Abstract: Dynamic Scene Graph Generation (DSGG) aims to comprehensively understand videos by abstracting them into visual triplets $<$\textit{subject}, \textit{predicate}, \textit{object}$>$. Most existing methods focus on capturing temporal dependencies, but overlook crucial visual relationship dependencies between entities and predicates, as well as among predicate subclasses. These dependencies are essential for a deeper contextual understanding of scenarios. Additionally, current approaches do not support end-to-end training and instead rely on a two-stage pipeline, which incurs higher computational costs.
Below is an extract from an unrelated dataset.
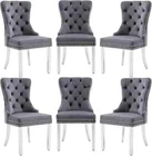 About this item Ergonomic High Back Chair: The comfortable dining chairs feature a curved high back that offers strong and comfortable support for your spine. With decorative rivet insets around the cushion and back, it exudes a sense of elegance and sophistication Luxurious Velvet Fabric: These wingback dining room chairs are crafted from premium velvet that is durable, gentle to the touch and will not fade. The chairs are filled with high-density sponge in the back and seat, providing ample and comfortable support Reliable Construction: The kitchen dining chair features a solid wood seat frame and metal legs, ensuring safety and a weight capacity of 280 pounds. Its adjustable foot pads allow for easy height adjustment to maintain balance on uneven floors and avoid scratches Rich Selectivity: This classic dining chair is available in various colors. It can be easily matched to different house styles and used in the living room, dining room, family room, study or library. It is a wonderful choice for your home decor and house-warming gift Easy Assembly & Notice: Assembling this upholstered dinner chair is a breeze with clear instructions, accessories, and tools. It can be assembled in 15 minutes, easy and labor-saving. Notice: Please unzip the seat bottom to take out all the legs and screws before installation

To address these issues, we propose an end-to-end \textbf{A}ssociation \textbf{R}easoning \textbf{N}etwork (ARN) for DSGG. ARN leverages CLIP’s semantic priors to model fine-grained triplet cues to generate scene graph. In addition, we design a Predicate Association Parsing (PAP) module that employs a conditional weight mapping mechanism to structure entity and predicate representations. We further introduce a Hierarchical Attention (HA) mechanism to integrate spatio-temporal context with entity and predicate representations, enabling effective associative reasoning. Extensive experiments on the Action Genome dataset demonstrate significant performance improvements over existing methods.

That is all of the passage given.